--- START ---
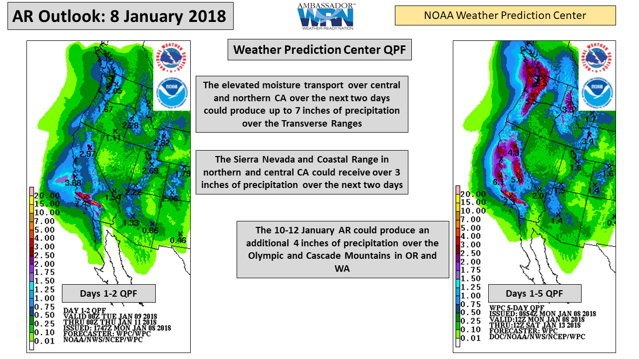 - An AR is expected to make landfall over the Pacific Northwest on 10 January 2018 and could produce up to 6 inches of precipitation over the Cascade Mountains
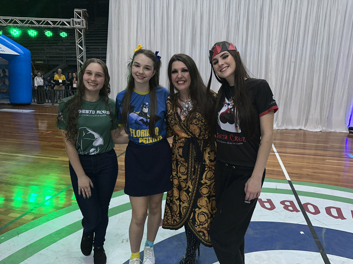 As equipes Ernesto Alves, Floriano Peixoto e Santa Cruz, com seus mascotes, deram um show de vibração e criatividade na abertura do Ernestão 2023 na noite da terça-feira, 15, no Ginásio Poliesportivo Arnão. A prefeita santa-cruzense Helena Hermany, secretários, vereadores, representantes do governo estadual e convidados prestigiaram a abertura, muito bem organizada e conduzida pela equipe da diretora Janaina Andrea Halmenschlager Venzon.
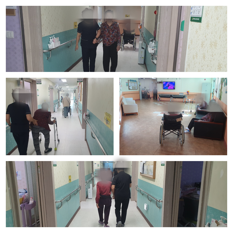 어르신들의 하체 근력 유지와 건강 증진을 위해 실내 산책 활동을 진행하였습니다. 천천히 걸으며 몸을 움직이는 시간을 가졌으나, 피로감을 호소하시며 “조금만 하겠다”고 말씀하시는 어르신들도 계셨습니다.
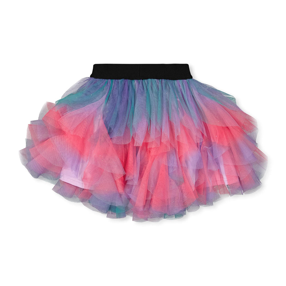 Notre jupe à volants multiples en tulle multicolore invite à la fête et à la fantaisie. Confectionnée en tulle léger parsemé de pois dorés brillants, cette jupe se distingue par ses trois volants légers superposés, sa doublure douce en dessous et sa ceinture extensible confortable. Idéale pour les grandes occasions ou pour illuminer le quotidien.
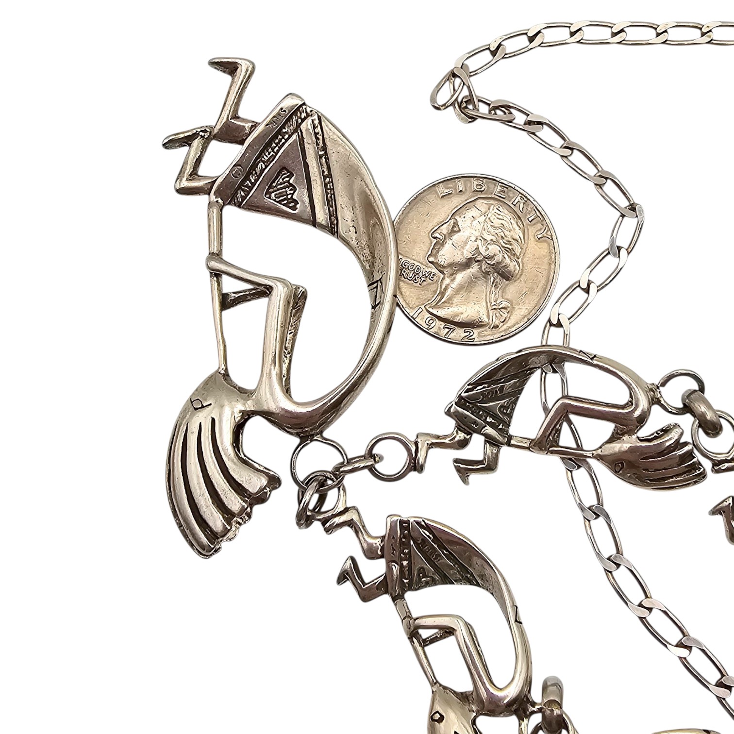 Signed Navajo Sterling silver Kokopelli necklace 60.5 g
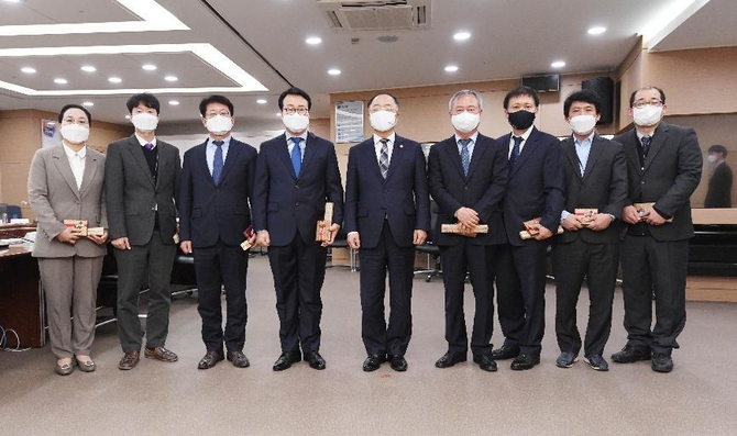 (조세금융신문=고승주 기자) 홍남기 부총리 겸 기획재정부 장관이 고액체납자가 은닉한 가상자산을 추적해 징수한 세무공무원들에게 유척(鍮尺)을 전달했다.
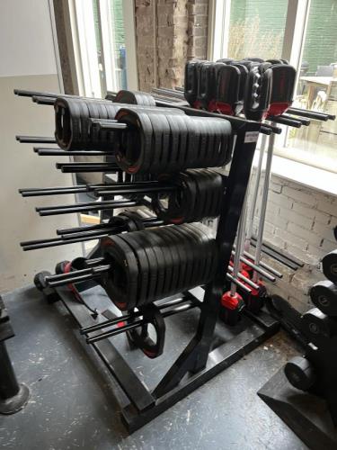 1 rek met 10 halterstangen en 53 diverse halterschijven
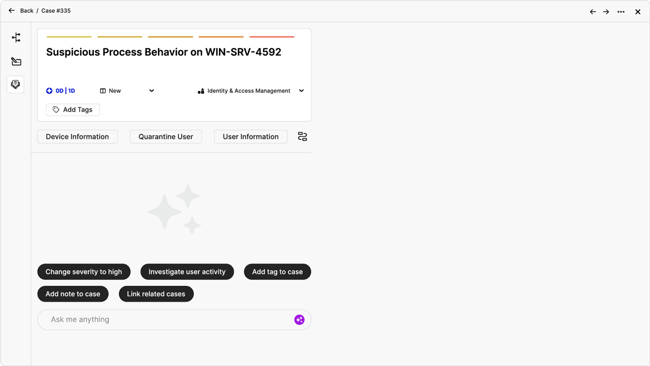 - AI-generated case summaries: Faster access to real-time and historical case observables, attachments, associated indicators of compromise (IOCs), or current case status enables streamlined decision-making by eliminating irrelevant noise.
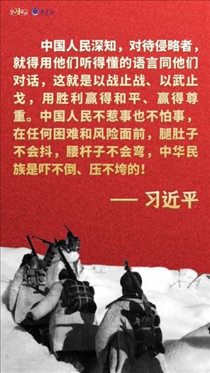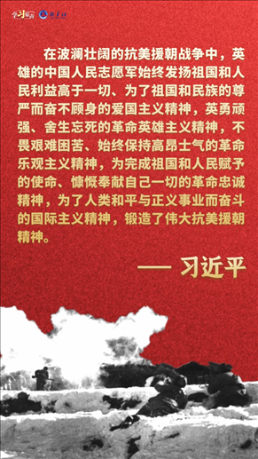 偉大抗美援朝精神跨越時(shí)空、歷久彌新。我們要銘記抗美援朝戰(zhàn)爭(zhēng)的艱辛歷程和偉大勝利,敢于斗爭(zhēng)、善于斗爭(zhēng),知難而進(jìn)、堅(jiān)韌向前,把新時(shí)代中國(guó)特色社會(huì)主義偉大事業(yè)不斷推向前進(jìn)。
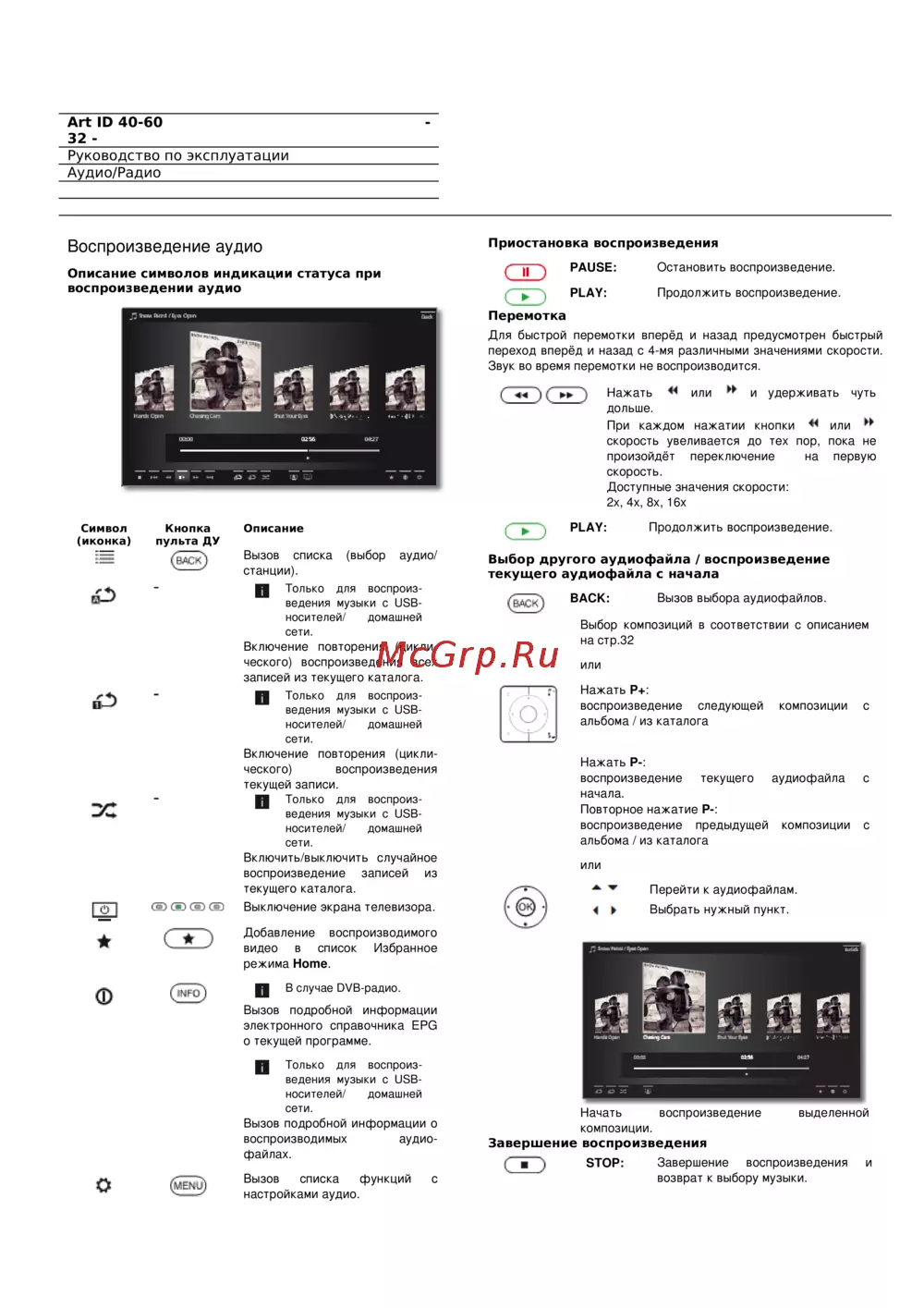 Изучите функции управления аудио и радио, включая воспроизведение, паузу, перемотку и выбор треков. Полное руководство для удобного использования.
--- END ---
--- START ---
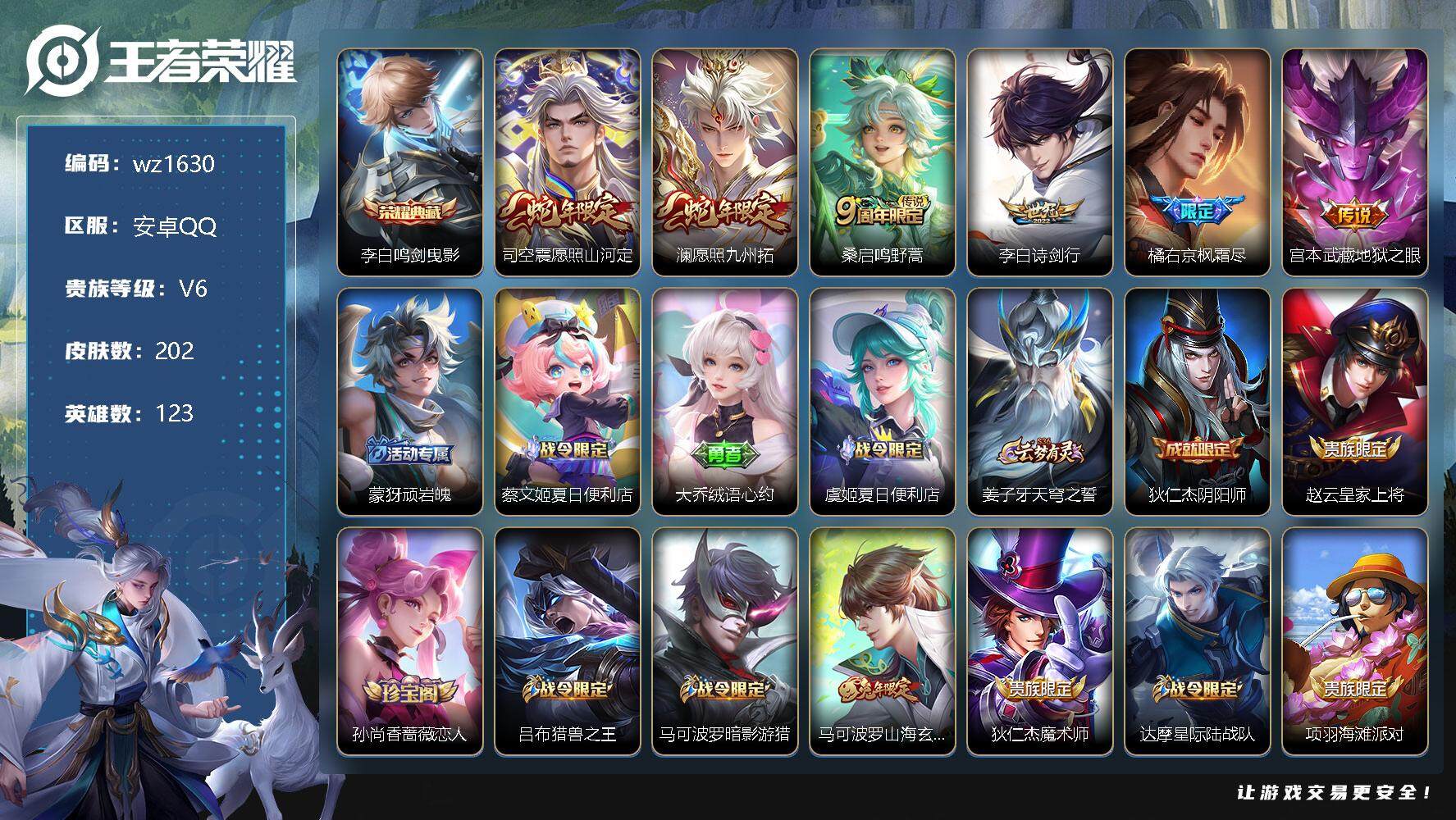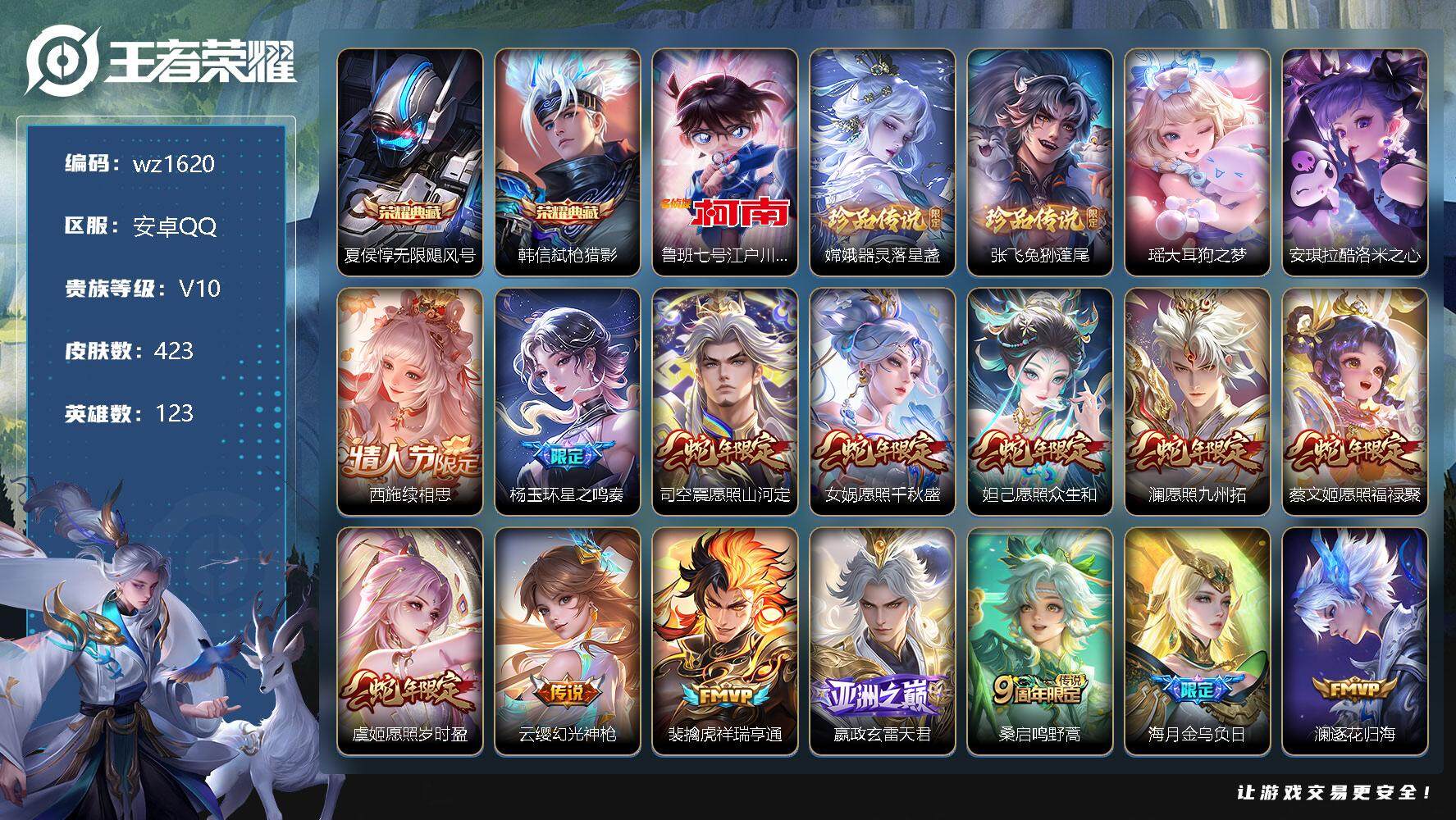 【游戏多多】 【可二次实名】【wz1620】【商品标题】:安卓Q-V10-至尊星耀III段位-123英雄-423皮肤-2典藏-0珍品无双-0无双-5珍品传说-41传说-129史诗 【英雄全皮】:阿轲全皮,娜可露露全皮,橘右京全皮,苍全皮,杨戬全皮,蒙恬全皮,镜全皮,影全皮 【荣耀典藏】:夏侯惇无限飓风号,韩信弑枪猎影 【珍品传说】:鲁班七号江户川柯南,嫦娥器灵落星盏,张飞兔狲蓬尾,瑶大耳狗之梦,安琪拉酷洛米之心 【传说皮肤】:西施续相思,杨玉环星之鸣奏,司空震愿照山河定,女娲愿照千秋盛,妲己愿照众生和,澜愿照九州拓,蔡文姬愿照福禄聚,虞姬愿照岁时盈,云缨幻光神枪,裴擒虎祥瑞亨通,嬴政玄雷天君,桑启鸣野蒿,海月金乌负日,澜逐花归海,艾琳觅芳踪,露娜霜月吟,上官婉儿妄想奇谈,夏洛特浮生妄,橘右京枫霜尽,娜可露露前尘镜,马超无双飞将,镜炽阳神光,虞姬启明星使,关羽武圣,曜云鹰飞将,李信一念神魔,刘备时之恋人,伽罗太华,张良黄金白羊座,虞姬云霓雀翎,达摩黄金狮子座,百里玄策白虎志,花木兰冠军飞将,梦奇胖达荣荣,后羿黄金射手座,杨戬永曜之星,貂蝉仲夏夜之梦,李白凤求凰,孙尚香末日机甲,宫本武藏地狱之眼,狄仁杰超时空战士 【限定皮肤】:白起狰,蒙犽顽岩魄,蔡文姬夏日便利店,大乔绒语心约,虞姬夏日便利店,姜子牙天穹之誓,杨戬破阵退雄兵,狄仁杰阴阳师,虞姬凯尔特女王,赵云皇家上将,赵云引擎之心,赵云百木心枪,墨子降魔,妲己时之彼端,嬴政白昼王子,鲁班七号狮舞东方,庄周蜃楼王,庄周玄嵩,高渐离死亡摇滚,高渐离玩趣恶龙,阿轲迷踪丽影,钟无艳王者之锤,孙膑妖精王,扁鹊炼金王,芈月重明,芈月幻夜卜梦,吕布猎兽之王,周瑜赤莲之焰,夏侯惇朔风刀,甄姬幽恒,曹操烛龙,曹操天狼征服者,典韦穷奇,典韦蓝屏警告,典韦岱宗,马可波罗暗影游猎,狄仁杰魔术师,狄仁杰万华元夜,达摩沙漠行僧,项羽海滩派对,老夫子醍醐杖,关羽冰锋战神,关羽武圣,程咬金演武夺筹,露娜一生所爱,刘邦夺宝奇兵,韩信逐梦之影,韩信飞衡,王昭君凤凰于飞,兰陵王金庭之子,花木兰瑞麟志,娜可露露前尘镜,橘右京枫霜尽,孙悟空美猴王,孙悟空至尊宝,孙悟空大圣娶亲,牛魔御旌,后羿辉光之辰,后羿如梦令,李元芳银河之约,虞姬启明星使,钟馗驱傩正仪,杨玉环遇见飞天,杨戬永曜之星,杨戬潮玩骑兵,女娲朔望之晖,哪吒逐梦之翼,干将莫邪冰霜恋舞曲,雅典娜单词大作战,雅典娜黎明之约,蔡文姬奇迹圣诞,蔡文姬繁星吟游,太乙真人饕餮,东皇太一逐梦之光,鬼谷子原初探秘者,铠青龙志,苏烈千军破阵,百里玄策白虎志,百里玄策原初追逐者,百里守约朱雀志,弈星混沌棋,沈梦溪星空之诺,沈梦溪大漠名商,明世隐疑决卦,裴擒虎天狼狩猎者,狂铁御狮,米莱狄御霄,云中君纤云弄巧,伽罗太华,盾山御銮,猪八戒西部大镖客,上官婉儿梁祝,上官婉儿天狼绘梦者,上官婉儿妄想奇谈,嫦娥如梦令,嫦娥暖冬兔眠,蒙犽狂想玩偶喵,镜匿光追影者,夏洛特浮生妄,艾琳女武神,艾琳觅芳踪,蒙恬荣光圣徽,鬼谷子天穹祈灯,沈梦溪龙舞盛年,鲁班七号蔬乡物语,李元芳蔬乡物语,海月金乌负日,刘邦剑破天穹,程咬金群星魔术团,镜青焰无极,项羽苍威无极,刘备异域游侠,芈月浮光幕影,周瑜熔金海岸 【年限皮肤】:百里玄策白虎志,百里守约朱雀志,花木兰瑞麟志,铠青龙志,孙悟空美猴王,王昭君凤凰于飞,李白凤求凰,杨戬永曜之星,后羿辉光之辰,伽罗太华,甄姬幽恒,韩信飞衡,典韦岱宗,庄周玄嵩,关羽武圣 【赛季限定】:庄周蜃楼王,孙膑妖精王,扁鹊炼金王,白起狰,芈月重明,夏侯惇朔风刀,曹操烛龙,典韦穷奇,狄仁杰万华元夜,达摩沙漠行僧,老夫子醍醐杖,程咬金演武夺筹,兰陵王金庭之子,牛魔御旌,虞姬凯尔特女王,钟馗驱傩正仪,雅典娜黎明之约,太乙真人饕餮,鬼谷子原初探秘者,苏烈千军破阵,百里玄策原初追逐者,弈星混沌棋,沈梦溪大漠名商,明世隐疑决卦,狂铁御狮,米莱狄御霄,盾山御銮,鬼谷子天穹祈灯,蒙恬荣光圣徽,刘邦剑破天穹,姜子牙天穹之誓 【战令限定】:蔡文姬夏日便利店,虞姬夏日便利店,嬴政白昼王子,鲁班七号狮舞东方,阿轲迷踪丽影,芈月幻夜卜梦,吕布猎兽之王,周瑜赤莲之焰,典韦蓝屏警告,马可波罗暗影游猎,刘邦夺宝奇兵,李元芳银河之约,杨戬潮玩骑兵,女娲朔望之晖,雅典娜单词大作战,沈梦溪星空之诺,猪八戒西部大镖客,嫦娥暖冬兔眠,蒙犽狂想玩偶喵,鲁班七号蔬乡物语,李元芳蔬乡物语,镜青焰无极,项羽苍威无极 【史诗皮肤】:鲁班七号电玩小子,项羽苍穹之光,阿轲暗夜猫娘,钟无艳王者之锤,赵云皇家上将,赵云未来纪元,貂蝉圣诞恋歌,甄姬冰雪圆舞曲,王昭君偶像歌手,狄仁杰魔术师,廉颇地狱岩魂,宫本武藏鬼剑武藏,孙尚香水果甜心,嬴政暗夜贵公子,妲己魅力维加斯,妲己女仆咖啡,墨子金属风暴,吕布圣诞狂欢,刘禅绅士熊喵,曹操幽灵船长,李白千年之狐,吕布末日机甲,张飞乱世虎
--- END ---
=== ASSIGNMENT ===
Find the line with "- An AR is expected" in the entries above. Set down exactly every line from it up to and including the line with "As equipes Ernesto", images excluded.

=== WRITTEN ANSWER ===
 - An AR is expected to make landfall over the Pacific Northwest on 10 January 2018 and could produce up to 6 inches of precipitation over the Cascade Mountains
 As equipes Ernesto Alves, Floriano Peixoto e Santa Cruz, com seus mascotes, deram um show de vibração e criatividade na abertura do Ernestão 2023 na noite da terça-feira, 15, no Ginásio Poliesportivo Arnão. A prefeita santa-cruzense Helena Hermany, secretários, vereadores, representantes do governo estadual e convidados prestigiaram a abertura, muito bem organizada e conduzida pela equipe da diretora Janaina Andrea Halmenschlager Venzon.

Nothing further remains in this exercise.